Even if you do use some very weird expression, the worst that can happen is
that you hit the backtracking limit and a route fails to match because of
that. There won't be any code spinning indefinitely.

------
jheriko
its interesting to see this. i don't often use regular expressions but for the
most general case of this problem they are a good fit - however the specific
example given, and most real world cases i imagine can be optimised further by
doing away with regex altogether and using more traditional lookup and
transformation approaches.

the example given can determine the route required by everything following
/user/ \- in the case that the 7th character of the string is a digit then we
have the last case - all that remains to distinguish the other two is to count
the number of slashes - if you want to distinguish bad matches then validating
the extracted values will be necessary too. of course this kind of logic fails
to scale to the general case - but for real world optimisation i can imagine
it being much more fruitful (possibly you could do a match like i described
faster than the regex function will parse its own input string before doing
any matching at all!)

there is the smell of a very classical problem here though - "guess
optimising". optimisation should be driven by measurement - identify the slow
part then optimise it. timings that show the performance of the solutions
overall are interesting and prove the point - but what would be more
interesting imo would be 'this was the hot spot (point at timing), therefore i
was right (point at new timing)'.

------
adamtj
ctrl+f tree

No results.

The chunking seems like a missed opportunity.

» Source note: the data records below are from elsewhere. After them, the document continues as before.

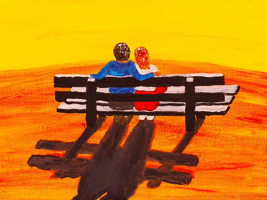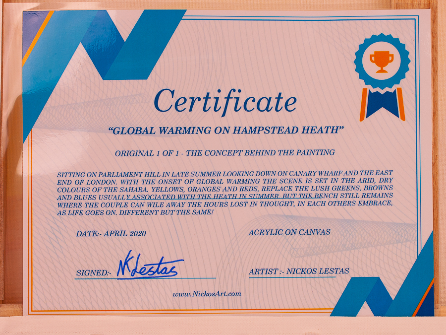 | Global Warming on Hampstead Heath ORIGINAL 1 OF 1 – THE CONCEPT BEHIND THE PAINTING Sitting on parliament hill in late summer looking down on canary wharf and the east end of London. With the onset of global warming the scene is set using the arid, dry colours of the Sahara. Yellows, oranges and reds, replace the lush greens, browns and blues usually associated with the heath in summer. But the bench still remains where the couple can wile away the hours lost in thought, in each others embrace, as life goes on. Different but the same! DATE:- April 2020 ACRYLIC ON CANVAS Size:- 60cm x 50cm Price £290 ARTIST :- Nickos Lestas |
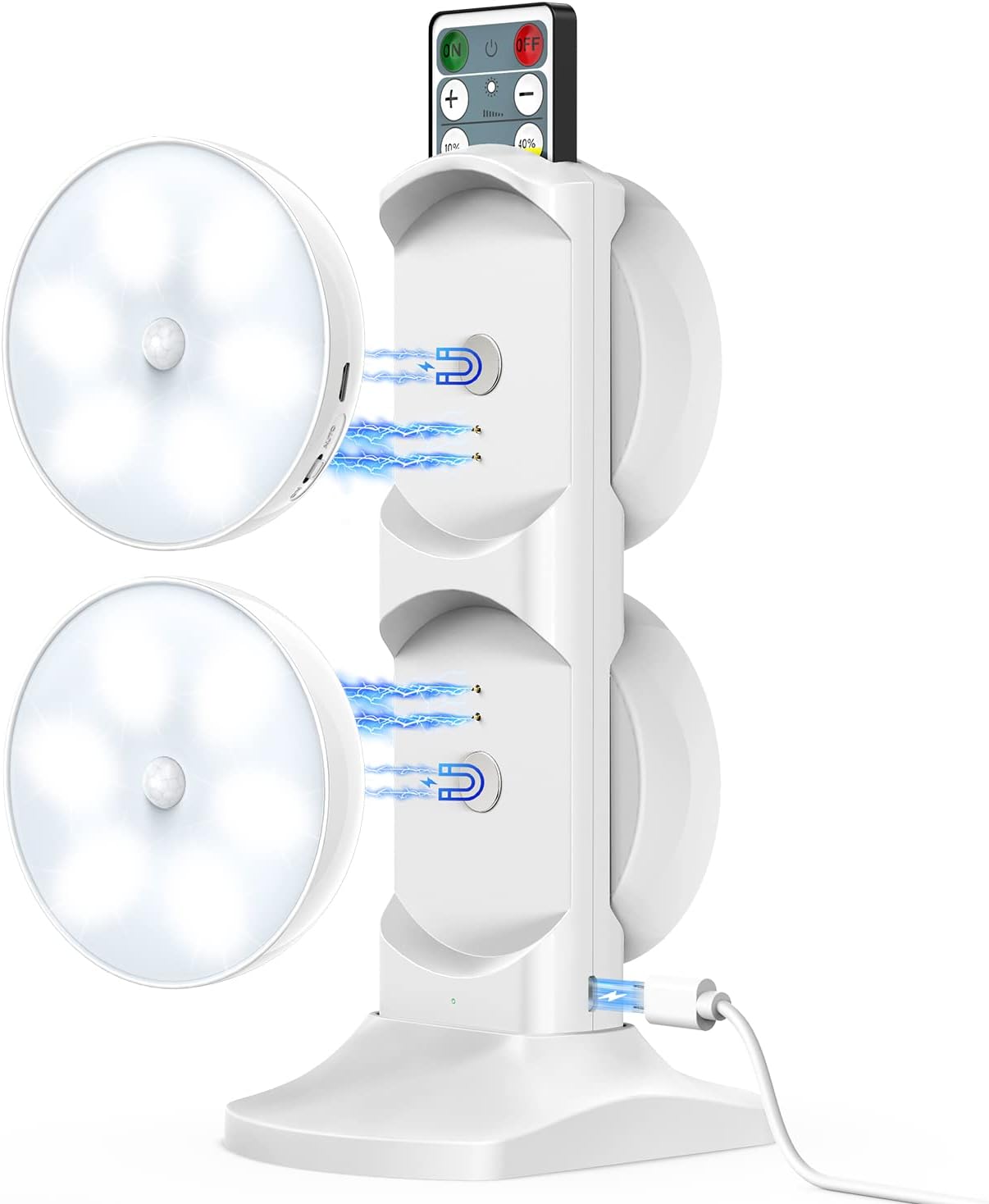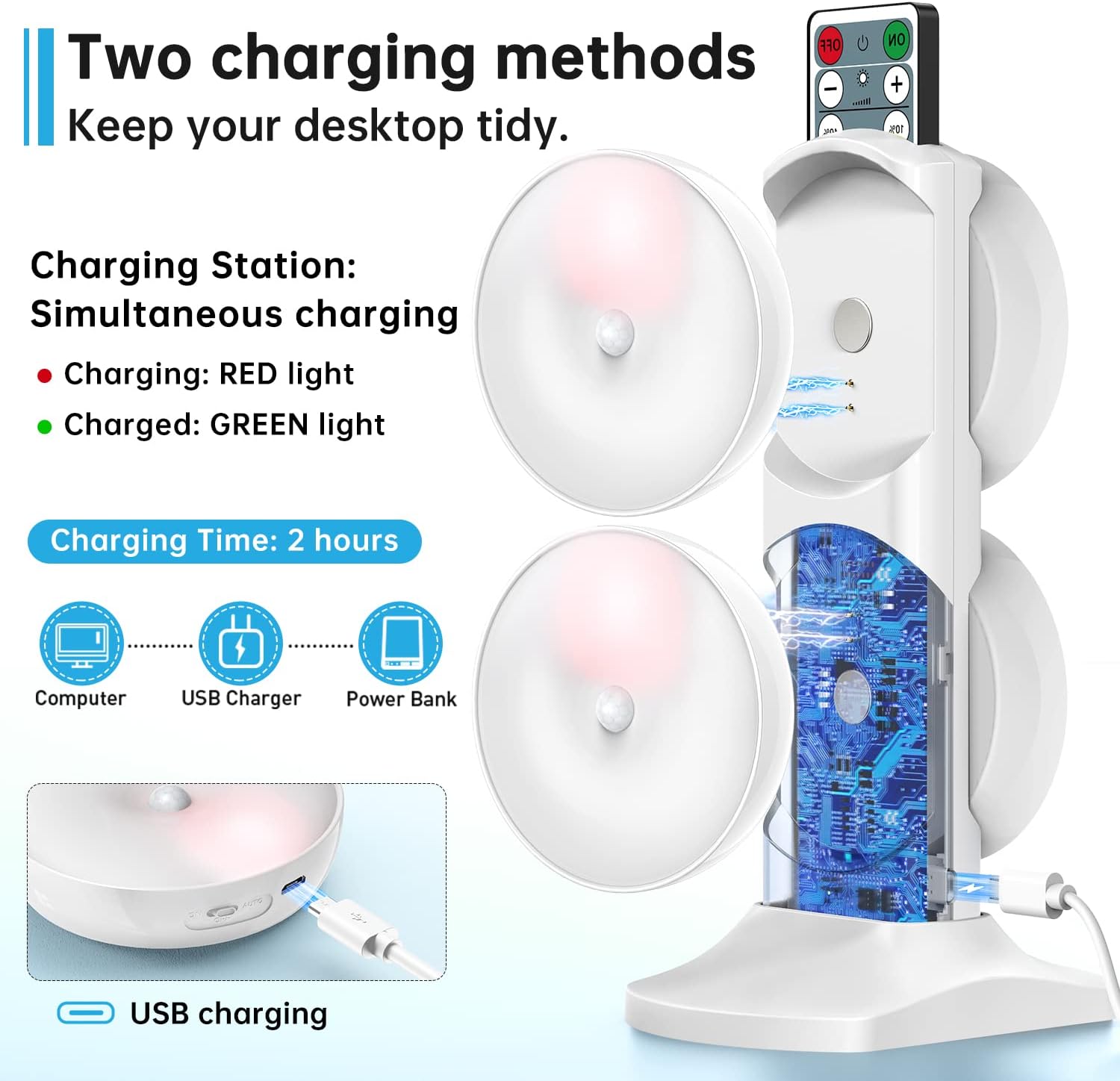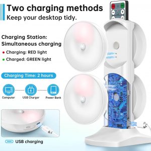 💡Convenient Charging Station💡 Upgraded sensor light, unique charging station design on the market. It can charge 4 led lights at the same time. The rechargeable light can also be separately connected to USB for charging. The non-slip bottom makes the charging station stand stable and won’t slip, keeping the desktop tidy and decent, saving space.
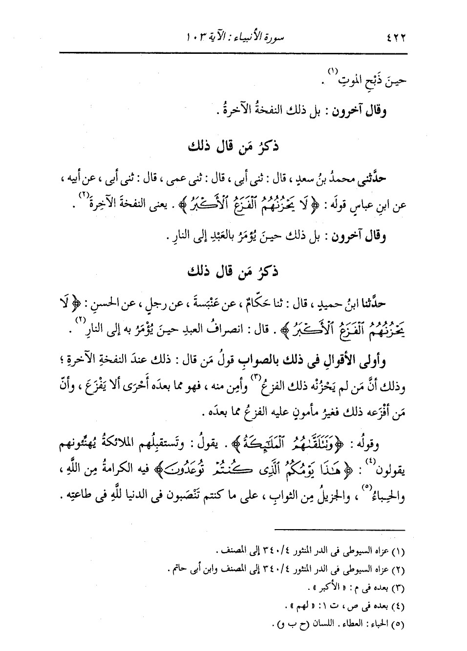 ذِكْرُ مَنْ قَالَ ذَلِكَ: حَدَّثَنِي مُحَمَّدُ بْنُ سَعْدٍ، قَالَ: ثني أَبِي قَالَ: ثني عَمِّي قَالَ: ثني أَبِي، عَنْ أَبِيهِ، عَنِ ابْنِ عَبَّاسٍ، قَوْلُهُ: {لَا يَحْزُنُهُمُ الْفَزَعُ الْأَكْبَرُ} [الأنبياء: 103] «§يَعْنِي النَّفْخَةَ الْآخِرَةَ» وَقَالَ آخَرُونَ: بَلْ ذَلِكَ حِينَ يُؤْمَرُ بِالْعَبْدِ إِلَى النَّارِ
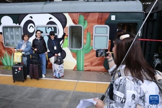 5月8日,旅客在“熊貓專(zhuān)列”前拍照留念。
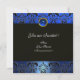 INVITATION BLEU NOIR DAMAS MONOGRAMME SAPHIR MÉTALLISÉ OR
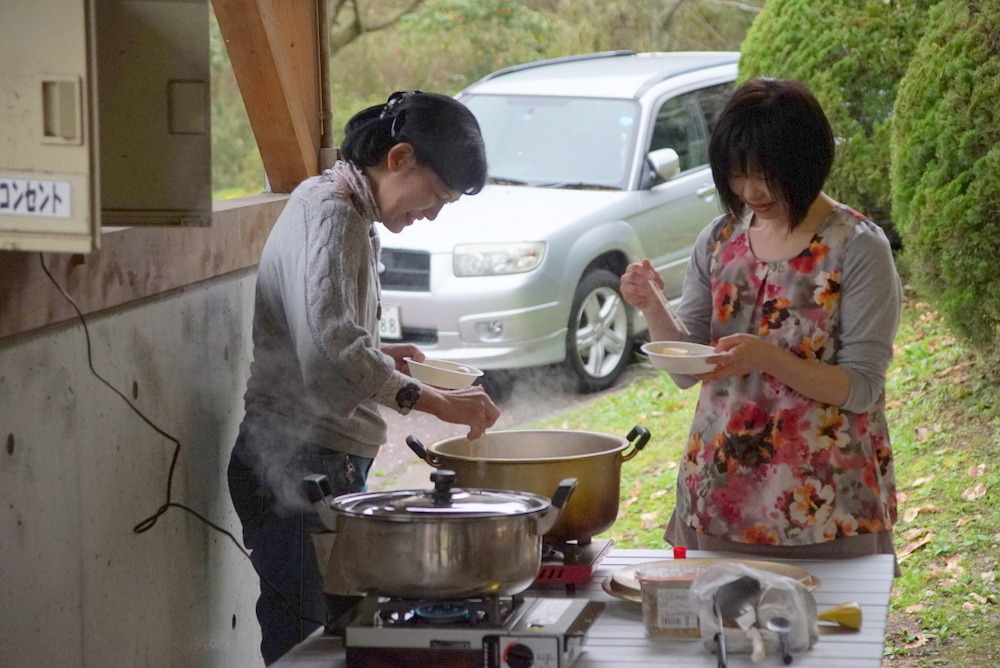宴会では、それぞれ持ち寄った「上半おでん」や林久右ヱ門の出汁で取った貝汁。梅雀買い出しの丸岡餃子、

It still uses a loop, so it's
still O(n) in the number of routes. That is, 200 routes will take twice as
long. 1000 routes will take 10 times as long. But maybe 100 routes is all we
ever see in reality?

Regardless, it's a small leap from that to using a tree. I would like to have
seen timings for that, and for larger numbers of routes.

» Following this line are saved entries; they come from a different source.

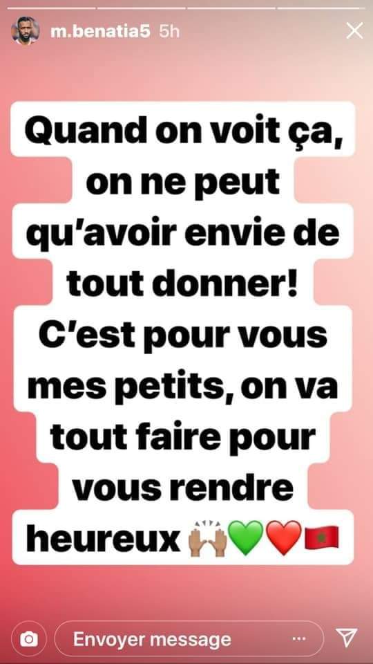 وقال "بنعطية"، في رسالته التي وجهها عبر حسابه الشخصي بوسائط التواصل الإجتماعي:"عندما نرى هذا لا يمكن إلا أن نعطي كل ما جهدنا".
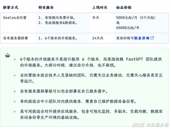 不过部署和维护FastGPT依然需要一定的专业技术知识,对于没有技术基础的小白用户来说,存在学习成本,而且开源版本在功能体验上比每月5000元的Sealos全托管商业版差了一大截。
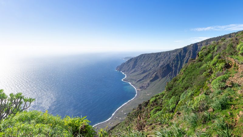 Incontournable lors d’une visite à La Palma, le Parc National de la Caldera de Taburiente, cratère de 8 kilomètres de diamètre, qui abrite une végétation dense et de vertigineuses cascades. Pour se détendre après avoir visité l’arrière-pays, direction Puerto Naos, petit village de la côte est, avec ses palmiers, sa magnifique plage de sable noir et ses eaux turquoise… Un petit paradis sur terre !
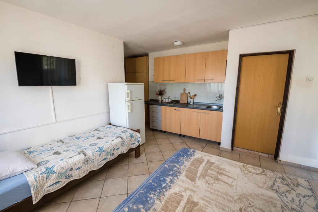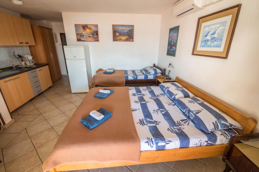 Miholašćica városának gyökerei az ókori római időkre nyúlnak vissza. A Cres-part legszelídebb részén található, egy délnyugatra nyíló tágas öböl mellett. A gyönyörűen parkosított Miholašćica és a szomszédos, mediterrán növényzettel rendelkező Martinšćica városa a családi és kempingturizmusra irányul. Ma Miholašćica turisztikai hely, ahol a Žeča-szigetre néző kilátással elkerülheti a tömeget, és nyugodt környezetben találhatja meg nyaralását. A gyönyörű strandok mellett az érintetlen természet remek lehetőségeket kínál a minőségi és aktív tartózkodáshoz, nyaraláshoz. Az Apartments Villa Goga épülete Miholašćica központjában található, mindössze 5 perc sétára a strandtól. A 300 m-es vagy 10 perces sétával elérhető kerületben 2 étterem, szupermarket és utazási iroda található. A kavicsos természetes strand és a tiszta tenger felejthetetlen élményt nyújt kicsiknek, és pótolhatatlan pihenést a felnőtteknek. Közvetlenül a tengerparton van egy bár, ahol egy hideg itallal hűsítheti le magát, vagy fagylalttal szórakoztathatja a gyerekeket a széles választékból.
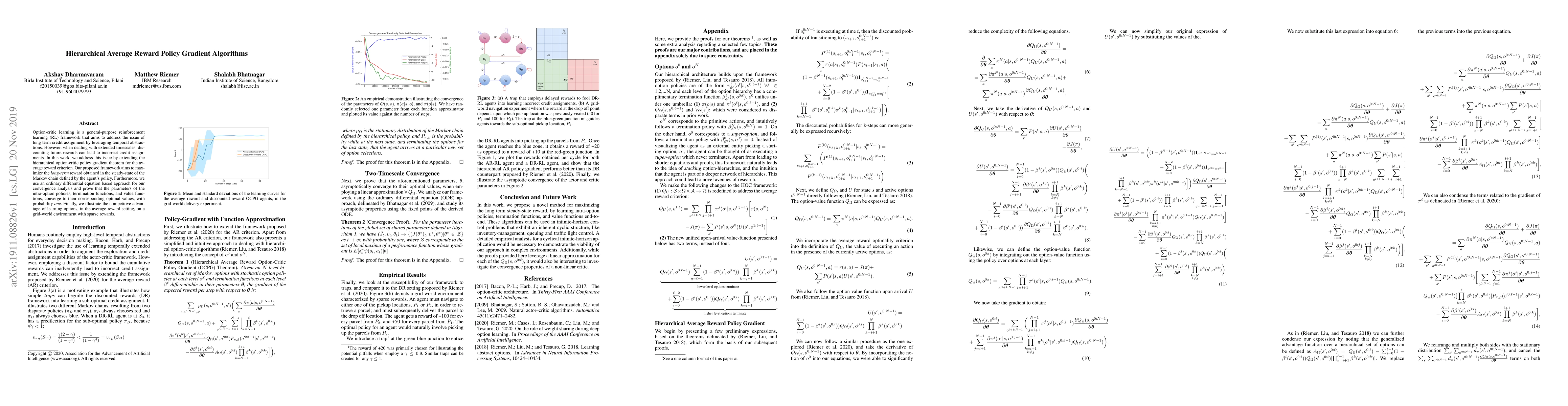 This paper proposes a hierarchical average reward policy gradient algorithm to address long-term credit assignment in reinforcement learning, leveraging temporal abstractions. It proves convergence of the parameters to optimal values and demonstrates its effectiveness in a grid-world environment with sparse rewards.
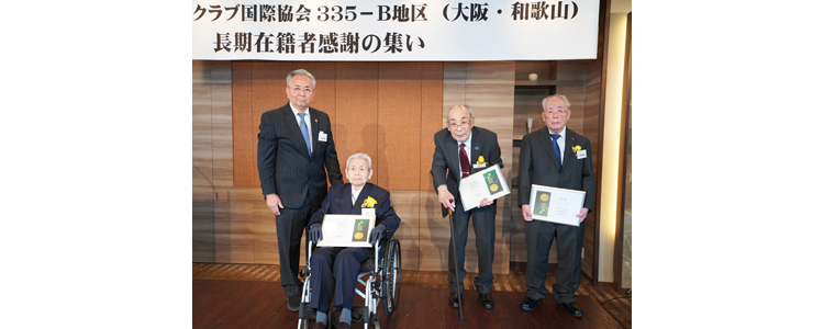 去る4月3日、ホテル日航大阪において「335-B地区長期在籍者感謝の集い」が盛大に開催されました。本会は、40年以上の長期にわたり在籍され、ライオニズムの発展と人道奉仕に尽力されたメンバーの皆様へ感謝を表す場として設けられたもので、今回で4回目となります。
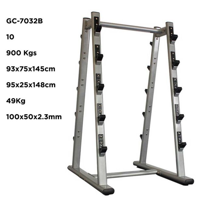 This steel barbell rack for 10 bars provides highly organized storage for training equipment, built with a durable 100×50×0.23 cm steel tube for strong stability. It supports up to 900 kg and features multi-level side holders that allow secure and convenient bar placement, making it ideal for professional gym environments.
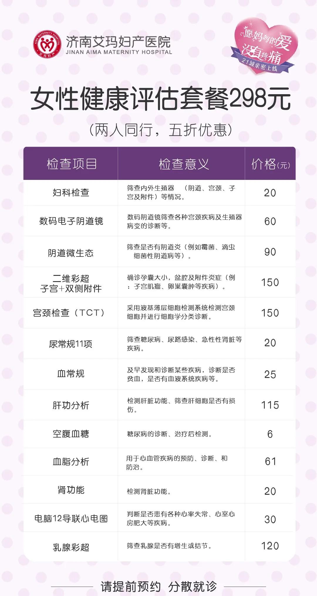 女性健康评估套餐,两人同行,五折优惠。爱自己,守护健康。

Building a trie from a list of strings is trivial. Building one from a list of
regexes is not. But you don't need the complexity of inspecting or
interpreting the regexes.

With a regular binary tree, you'll need to compile multiple regexes. The root
is a regex with all urls in only two groups: (a|b|c|d)|(e|f|g|h). If the first
group is non-empty, then you move to the next node: (a|b)|(c|d). If the second
group is non-empty, then you try (c)|(d). If the first group of that is non-
empty, then the url was c. That should be O(k * log n) where k is the length
of the url and n in the number of urls.

The grouping method requires 10 regex matches for 100 routes. 2^10 == 1024, so
the tree method can do 10 times more routes in about the same amount of work.
A million routes with a tree is only twice as hard as a thousand, or twice as
hard as a hundred with chunking. A million routes with chunking in 10,000
times harder than a hundred.

On the other hand, the tree requires O(n * log n) memory, where n chunks of
constant size requires only O(n) memory. Perhaps that's significant.

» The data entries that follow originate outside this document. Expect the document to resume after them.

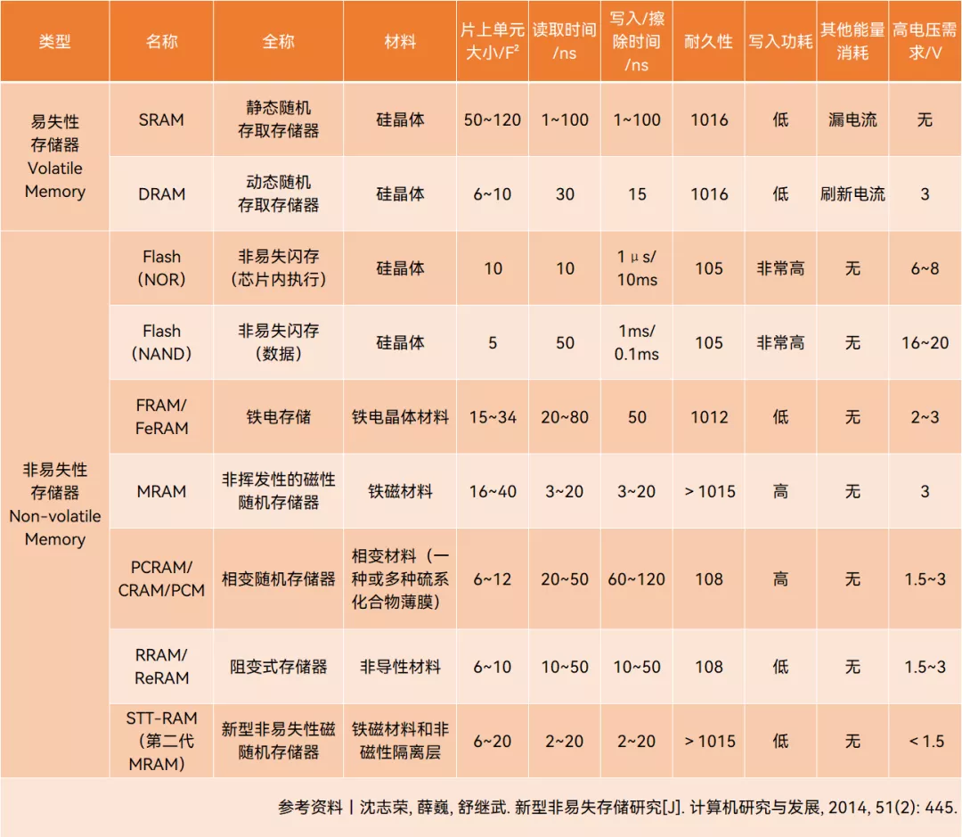 不同介質類型存儲器對比,製表丨果殼硬科技
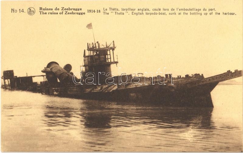 The ruins of Zeebrugge. The "Thetis" English torpedo boat, s... https://www.darabanth.com/hu/360-Gyorsarveres/360.0/Kepeslapok/Hadihajo~1000047/The-ruins-of-Zeebrugge-The-Thetis-English-torpedo-boat-sunk-at-the-bottling-up-of-the-harbour-~II2073264
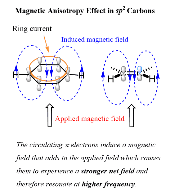 The second reason is a phenomenon called magnetic anisotropy. When protons on carbon-carbon double bond are placed in a magnetic field, the circulating π electrons create a local magnetic field that adds to the applied field which causes them to experience a stronger net field and therefore resonate at a higher frequency:

edit: misplaced asterisks triggered italics.

edit2: Actually, you don't even need to add or check groups. At each node you
only need to combine half the regexes into one with no outer group. For
example, the top node regex from above could be just a|b|c|d. If it matches,
go to the left node (which is just a|b). If it doesn't match, go to the right
node (which is just e|f). As an edge case, the right-most tip node will all
need to have a regex to distinguish between it and non-matching urls. This
also makes it easier to dynamically add routes without recompiling the whole
tree. Just add the route to the right side of each node, which requires no
work until you get to the rightmost tip. Occasionally rebalance. Is
dynamically modifying the routes something that people do?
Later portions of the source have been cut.